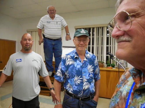 Randy Wildman, AD4RW; Louis Pacheco, KK4TSH, general (dark T-shirt); Austin Kline, KM4DNB, technician, (plaid shirt); Richard Grubb, W8DUK; Ringo Breton, KG4DUF
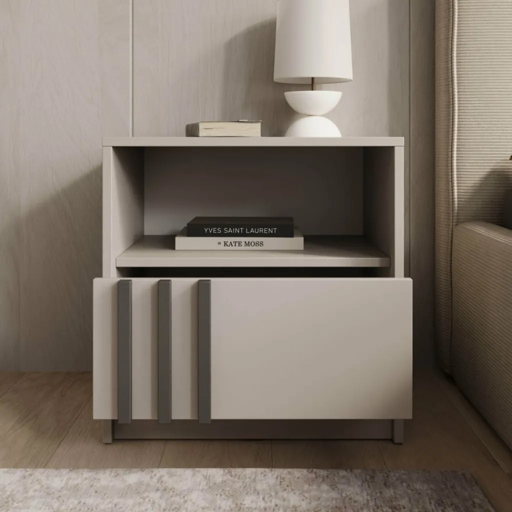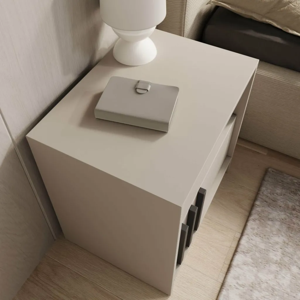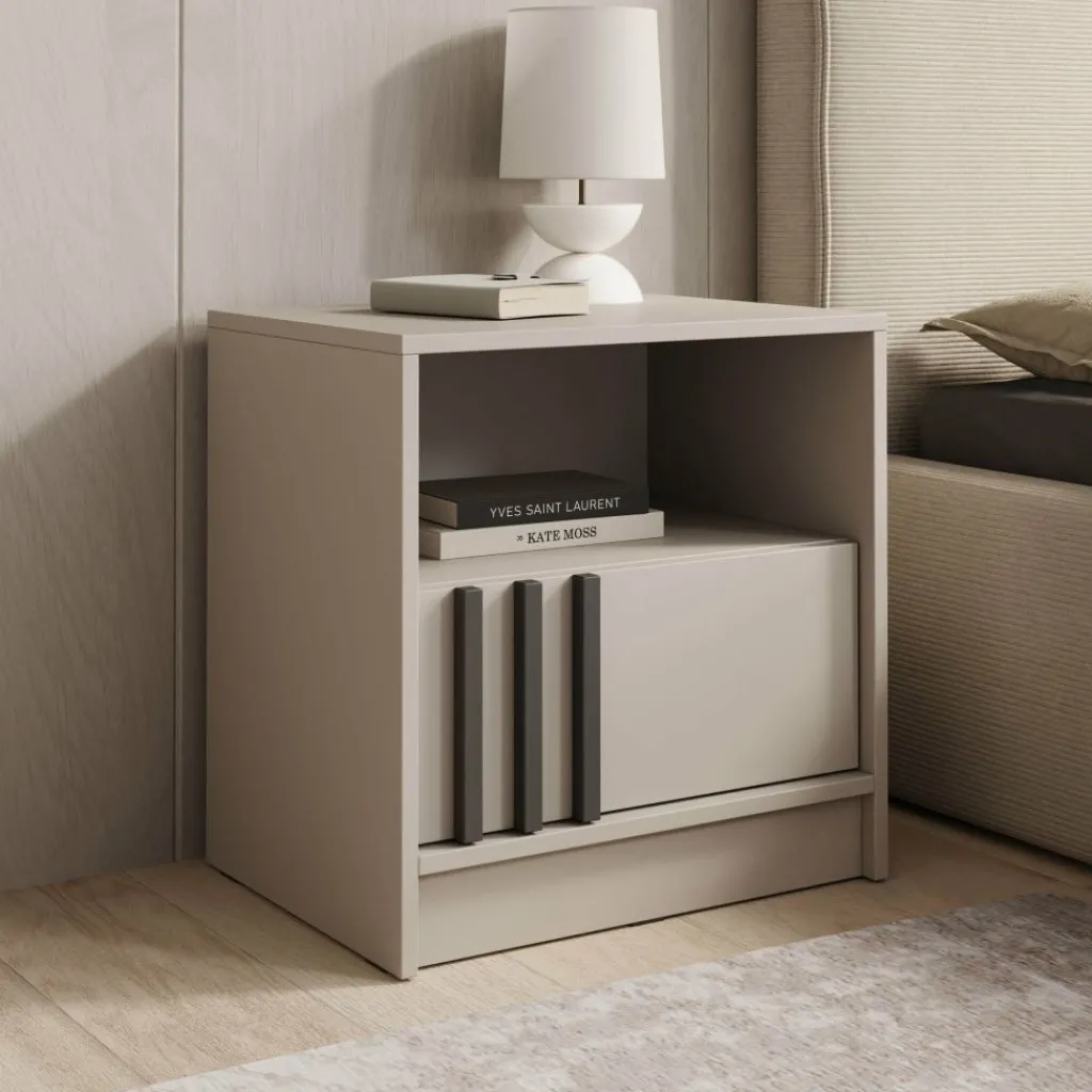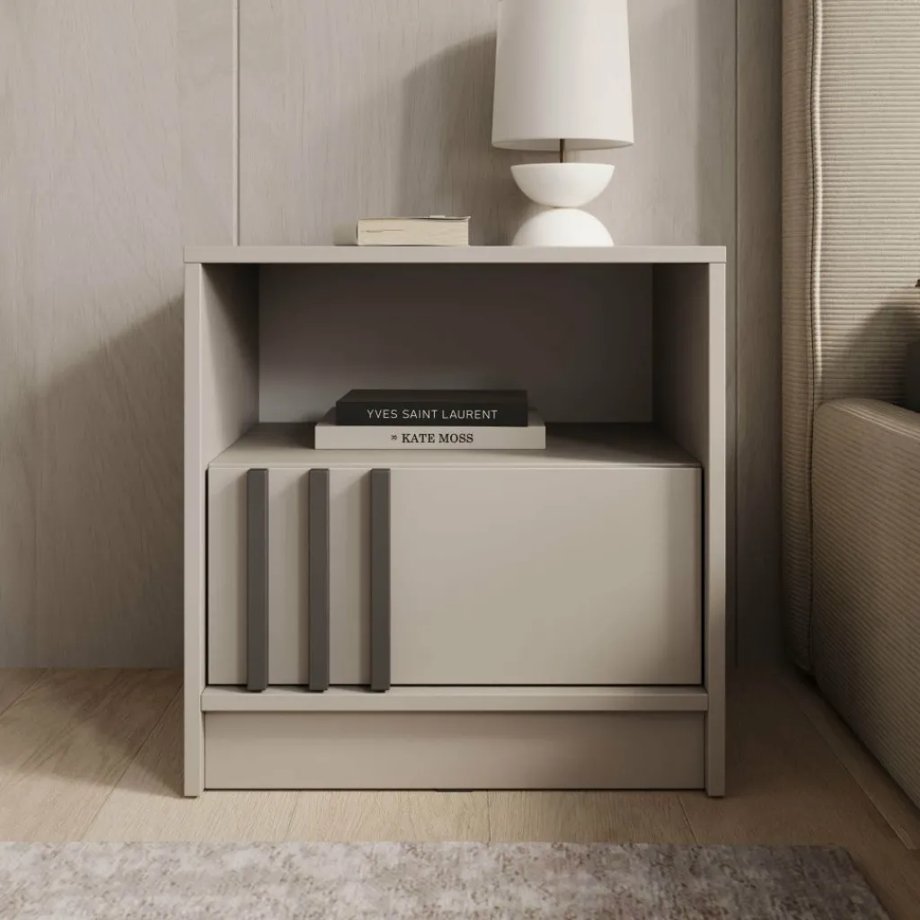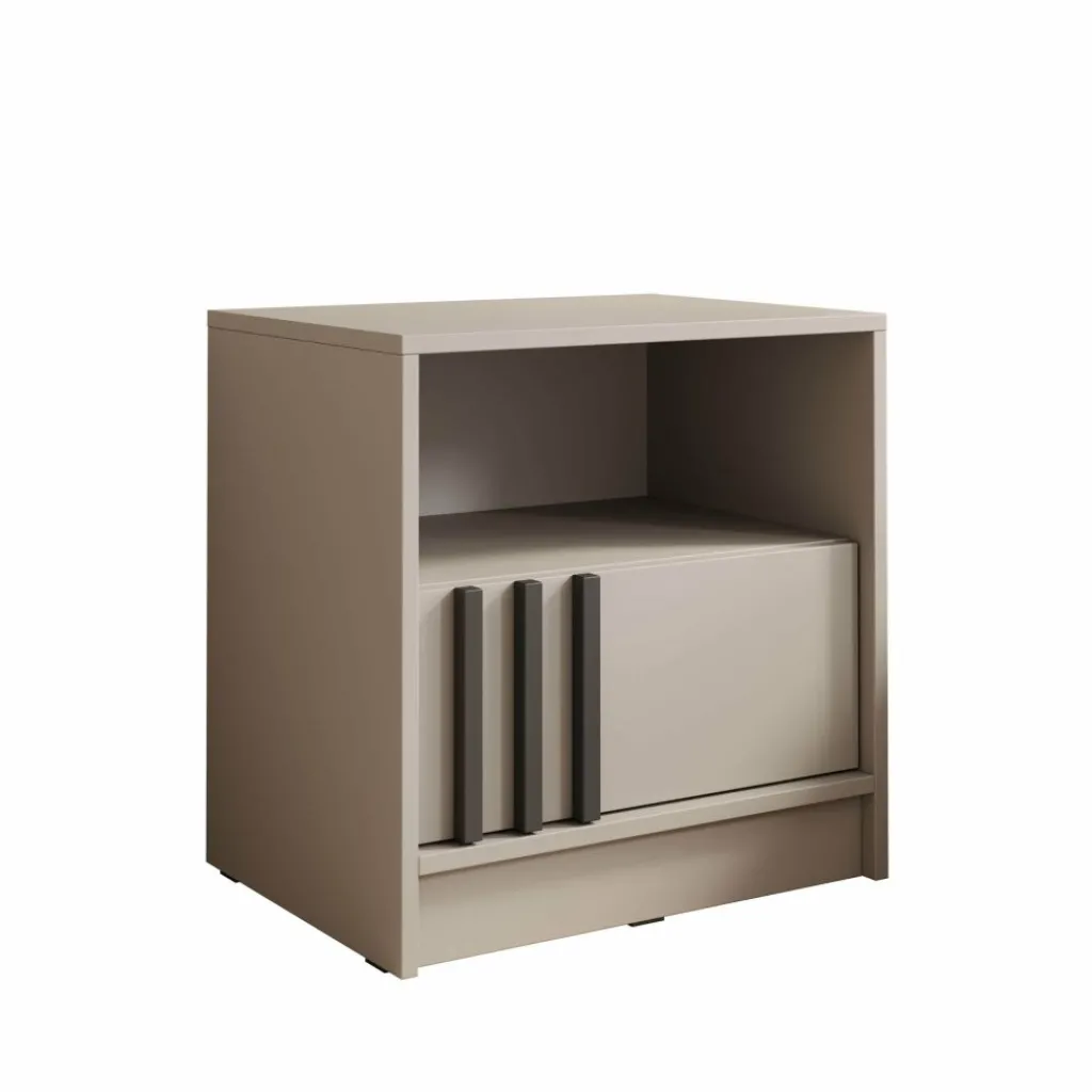 Het Nauru nachtkastje in beige straalt rust en verfijning uit en vormt een prachtige toevoeging aan iedere slaapkamer. De zachte beige kleur geeft het meubel een moderne, lichte uitstraling, terwijl de verticale handgrepen in contrasterend antraciet zorgen voor een subtiel en stijlvol detail. Het open vak is ideaal voor boeken, tijdschriften of decoratieve items, terwijl je achter de deur je persoonlijke spullen netjes uit het zicht kunt opbergen. Dankzij zijn compacte formaat en praktische indeling combineert dit nachtkastje moeiteloos functionaliteit met eigentijds design.
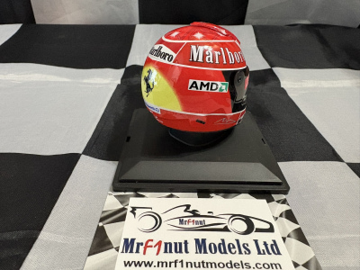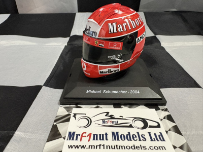 Spark 1:5 resin model helmet worn by Michael Schumacher during the 2004 F1 Season, with full tobacco livery as shown. Available now on back-order (approx.2 weeks)
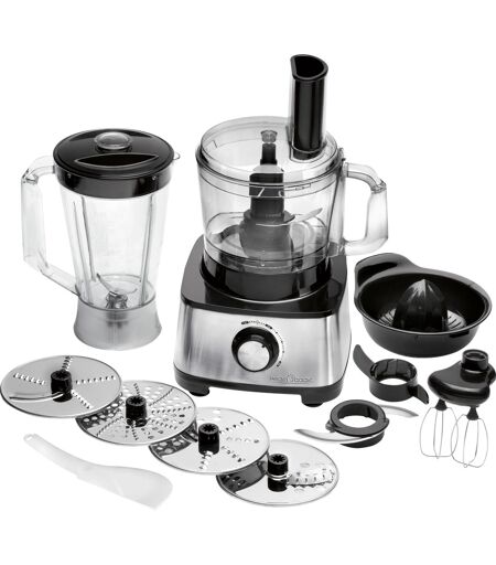 Die ProfiCook PC-KM 1063 ist eine leistungsstarke Küchenmaschine die sich zum Mixen, Kneten, Rühren, Entsaften und noch viel mehr eignet. Die PC-KM 1063 besitzt einen Arbeits- und Mixbehälter mit je 1,2 / 1,75 Liter Fassungsvermögen inklusive Nachfüllöffnung. Sämtliche Arbeitsscheiben und Einsätze sind ebenso wie die Maschine aus Edelstahl gefertigt. Die Leistung der Maschine lässt sich stufenlos regeln, zusätzlich bietet sie eine Turbo-Funktion für noch schnelleres Arbeiten. ...
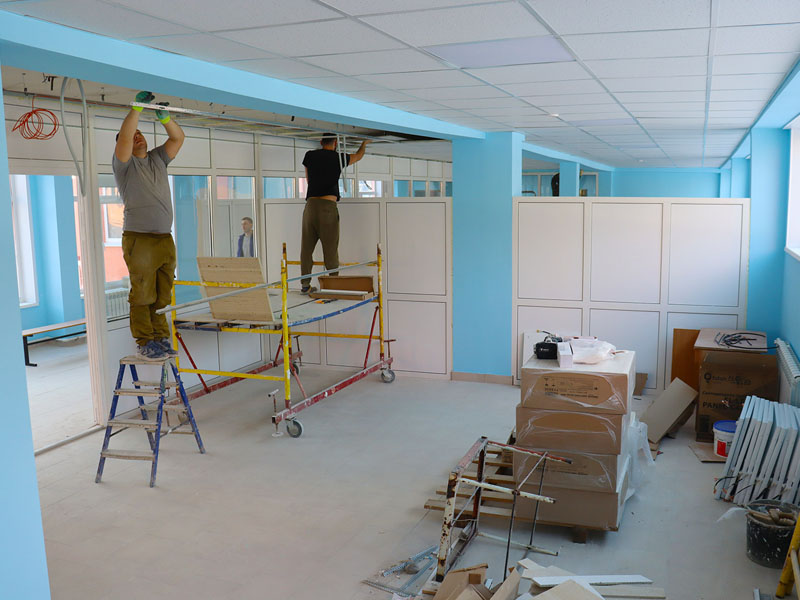Полторы недели назад подрядчик приступил к спортзалу. Там появится новое освещение, современное напольное игровое покрытие. Пока же штукатурятся стены, подготавливается потолок.
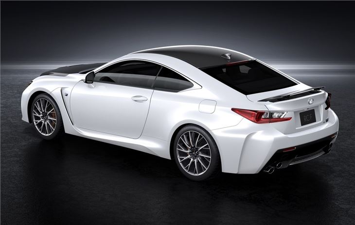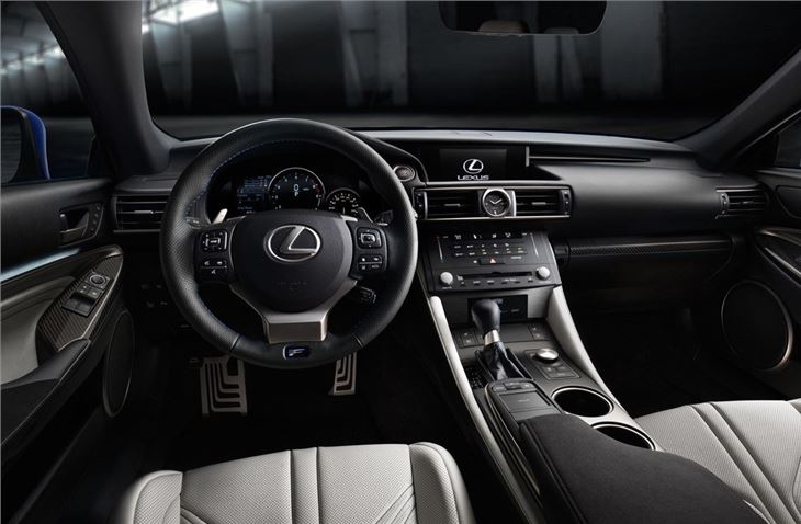 Along with a torque vectoring differential, the RC F comes with an active rear wing. This is built into the boot and creates additional downforce at speeds above 50mph. To make the RC F stand out from the standard RC it comes with a higher bonnet with an air vent, ten-spoke 19-inch alloy wheels and dual twin exhausts. Carbon fibre is used in the roof, bonnet and rear wing to keep weight down.
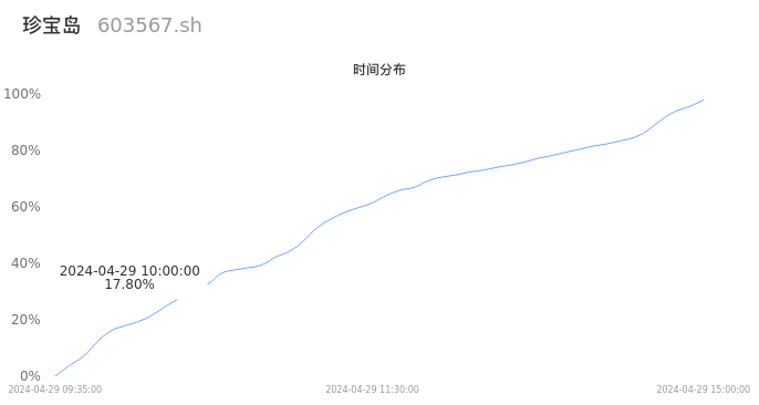 603567珍宝岛2024年04月29日成交10.38万手,成交金额1.22亿元,相较昨日放量3.14万手,换手率1.10%,成交清淡。
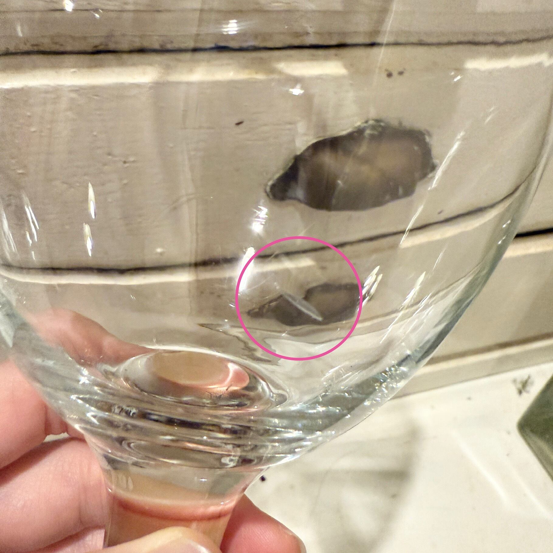 1箇所内側に小さなへこみ(ガラスの揺らぎか気泡のようなもの)がありますが、特に支障はなくご使用いただけます。
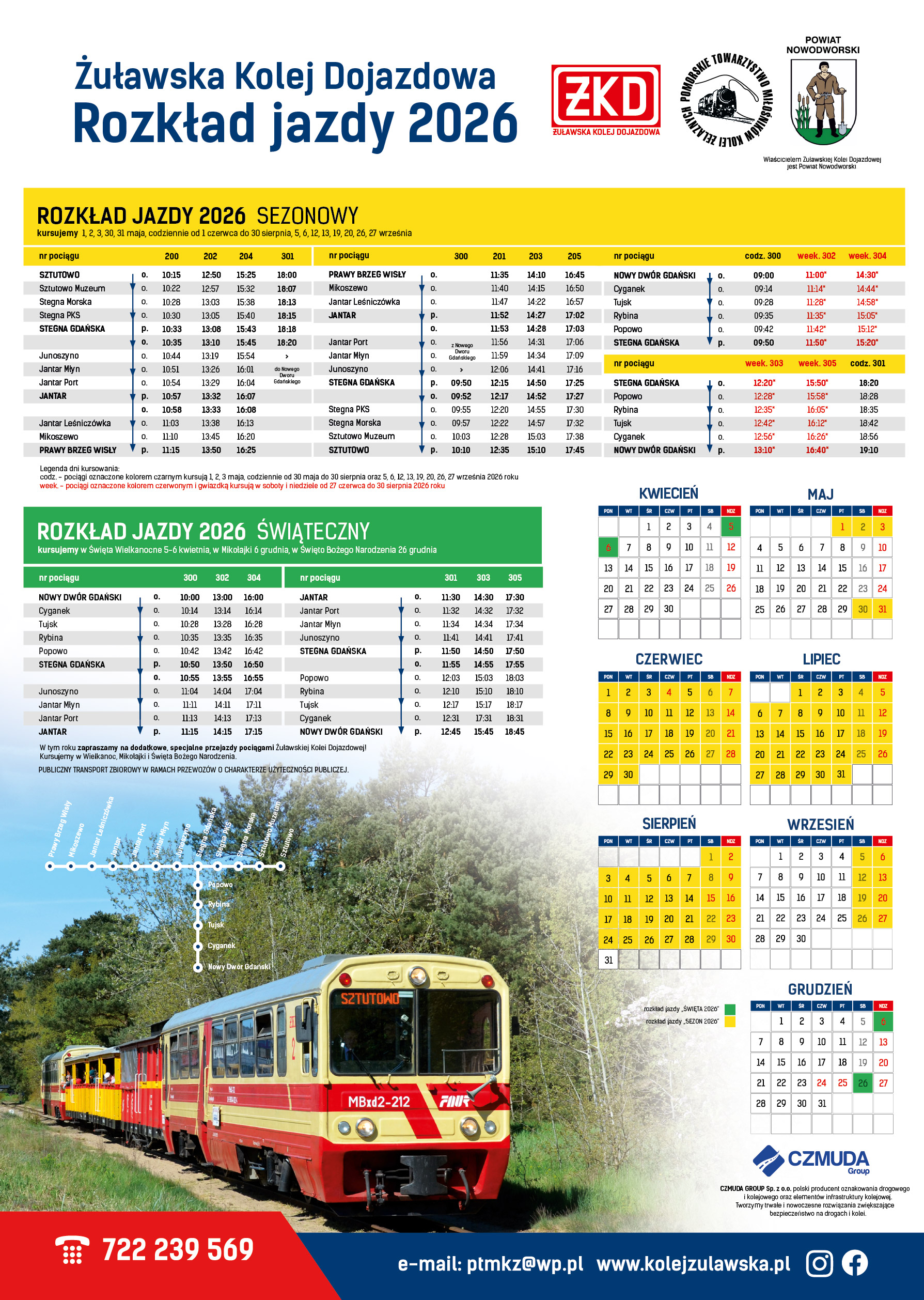 Łącznie, nasze pociągi będą będą kursowały przez 110 dni w 3 okresach (Święta, Sezon, Wszystkich Świętych) na liniach komunikacyjnych Nowy Dwór Gdański – Stegna oraz Sztutowo – Stegna – Jantar – Prawy Brzeg Wisły. Ponadto, w wakacyjne weekendy, będą kursowały dodatkowe pociągi między Nowym Dworem, a Stegną. Dzięki temu możliwa będzie wycieczka naszymi pociągami Prawego Brzegu Wisły, Jantaru czy Stegny do Nowego Dworu Gdańskiego z gwarancją połączenia powrotnego.

_ _ _

WHAT THE EXERCISE ASKS | Would you output, word for word, only the lines running from the line with "603567珍宝岛2024年" to the end of the listing above, both ends included, with no pictures?

SOLUTION TO THIS EXERCISE |
 603567珍宝岛2024年04月29日成交10.38万手,成交金额1.22亿元,相较昨日放量3.14万手,换手率1.10%,成交清淡。
 1箇所内側に小さなへこみ(ガラスの揺らぎか気泡のようなもの)がありますが、特に支障はなくご使用いただけます。
 Łącznie, nasze pociągi będą będą kursowały przez 110 dni w 3 okresach (Święta, Sezon, Wszystkich Świętych) na liniach komunikacyjnych Nowy Dwór Gdański – Stegna oraz Sztutowo – Stegna – Jantar – Prawy Brzeg Wisły. Ponadto, w wakacyjne weekendy, będą kursowały dodatkowe pociągi między Nowym Dworem, a Stegną. Dzięki temu możliwa będzie wycieczka naszymi pociągami Prawego Brzegu Wisły, Jantaru czy Stegny do Nowego Dworu Gdańskiego z gwarancją połączenia powrotnego.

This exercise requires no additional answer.